Rumely v. McCarthy, 250 U.S. 283 (1919)

Please note: this case begins in mid-page. It therefore shares a citation with the last page of the previous case. If you are attempting to follow a link to the last page of 250 U.S. 273, click here.

Rumely v. McCarthy


No. 874


Submitted April 16, 1919
Decided June 2, 1919
250 U.S. 283

APPEAL FROM THE DISTRICT COURT OF THE UNITED STATES
FOR THE SOUTHERN DISTRICT OF NEW YORK

Syllabus

Under an indictment charging violations of the Trading with the Enemy Act of October 6, 1917, c. 106, 40 Stat. 411, in failing to report enemy property and credits, the contention, raised before a commissioner in removal proceedings and based on the allegations and defendant’s uncontradicted evidence, that the report, if required, would show defendant guilty under the same act of trading with the enemy, and thus compel him to be a witness against himself, contrary to the Fifth Amendment, is matter for defense at the trial, and does not go to the issue of probable cause. P. 287.
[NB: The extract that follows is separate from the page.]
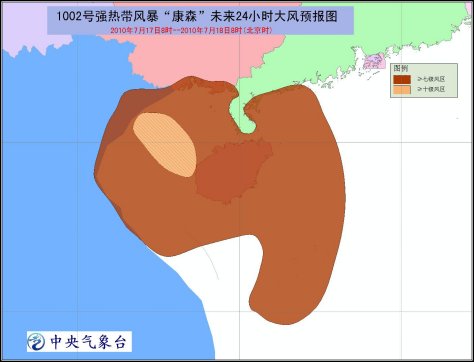 受其影響,17日白天到夜間,南海西北部、瓊州海峽、海南省及其沿海、廣東西部沿海、廣西沿海、北部灣將有7~9級大風,“康森”中心經過的附近海面的風力可達10~12級,北部灣部分海域陣風可達13~14級;廣東西南部、廣西南部、海南、云南東南部將有大到暴雨,其中海南西部、廣西南部的部分地區有大暴雨。

A finding of fact made by a commissioner in removal proceedings and supported by competent evidence is not reviewable in habeas corpus. P. 289.

The duty, imposed by the Trading with the Enemy Act, § 7a, to make report of enemy property and credits to the Alien Property Custodian involves the duty to make it at his office, and a willful failure so to make it is an offense committed in the district where the office is established. Id.
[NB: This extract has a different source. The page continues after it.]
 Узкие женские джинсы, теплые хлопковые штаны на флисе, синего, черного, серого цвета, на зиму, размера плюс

Where defendant was indicted in the Southern District of New York for a conspiracy to omit making such a report and for perjury in verifying a false one, held that it was discretionary with the court of that district, without requiring a statement of reasons from the government, to order his removal under a later indictment charging failure to make the report in the District of Columbia, and that the discretion was not renewable by this Court in habeas corpus. P. 289.

256 F. 565 affirmed.

The case is stated in the opinion.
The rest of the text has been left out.